There are no performance guarantees when investing in the stock market. But one thing is clear: no one cares more about the performance of your investments than you.

My husband and I have attended many advisor presentations over the years: applications to get our business and subsequent annual accounts update meetings with the advisor charged with growing our money.

The cadence is always similar. It starts with an overview of where the market is and where it is expected to go. They then discuss how they will develop a plan tailored to our unique goals. They will end by promising to closely monitor our investments and make sure they work under their direction.

I’ve come to the conclusion that advisors, in many cases, are salespeople promoting the rhetoric of corporate executives. Their job is to guide you toward general advice, not to truly understand your unique financial situation or support your individual goals. I’m all for paying for a professional to provide expertise, but I don’t want to pay for canned advice.

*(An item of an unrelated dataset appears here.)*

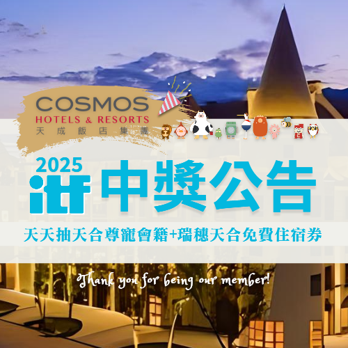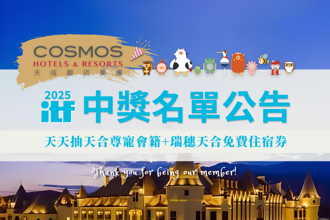 新會員專屬抽抽樂中獎啦!恭喜以下會員獲得天合尊寵卡一年會籍+瑞穗天合免費住宿券

So what is a better alternative?

Actively managed mutual funds cost 100 basis points. Investing in the S&P index through an exchange-traded fund (ETF) costs just three basis points. I don’t know how you feel, but I’ll take higher performance at lower cost any day of the year.

The beauty of index funds is that you benefit from the long-term uptrend of the S&P while investing passively. You don’t need to manage your funds and you don’t need to pay a money manager to support you. Get the benefits of investing in the stock market without the higher fees of an investment management team.

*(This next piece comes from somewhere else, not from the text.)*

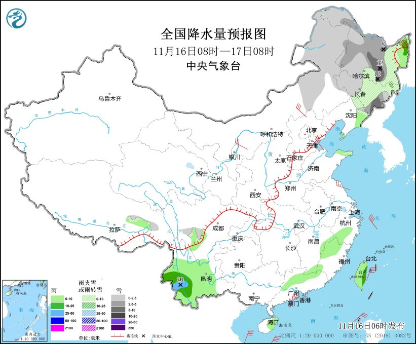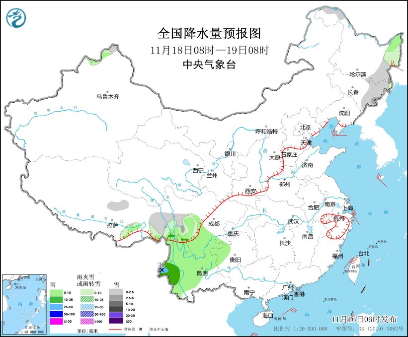 11月18日08时至19日08时,黑龙江东部和西北部、吉林东部、新疆北疆北部、西藏东部和北部、川西高原南部等地部分地区有小到中雪或雨夹雪。西藏东南部、四川南部、云南等地部分地区有小到中雨,其中,云南西南部等地部分地区有大雨(25~30毫米)(见图7)。

You might consider an ETF over a mutual fund when investing in an index fund for a few reasons:

  • ETFs that invest in the S&P index are even less expensive than a mutual fund counterpart (0.4% vs. .16%).
  • ETFs are more tax efficient. Many mutual funds pay a taxable capital gains distribution, but ETFs do not)
  • Investment minimums are usually lower – you can often buy fractional shares for just a few dollars.

While ETFs have multiple advantages, using a mutual fund to invest in an index may be the best option for automatic investing and dollar cost averaging. Also, if you’re investing inside a 401(k), mutual funds may be your only option.

Read more >>> The best ways to earn passive income

Bottom line: For me, DIY investing is the way to go

There are three reasons I don’t use an investment advisor to manage my money: money managers consistently underperform market index returns, annual fees significantly reduce the value of my investment, and no one he cares so much about my money. like i do So no one will monitor and adjust my strategy as well as I can.

Decades of data show that individual advisors, even the highest paid, do not consistently outperform market indices. Also, their advice is expensive, which reduces your investable assets every year, leading to lower long-term returns.

If you’re interested in passively investing in the stock market, consider buying shares of an index ETF with the lowest expense ratio you can find. And leave your funds there for the long term. Bored? Yes, you won’t have an exciting story to tell at a cocktail party. But is it smart? I’ll let you do the math and analysis.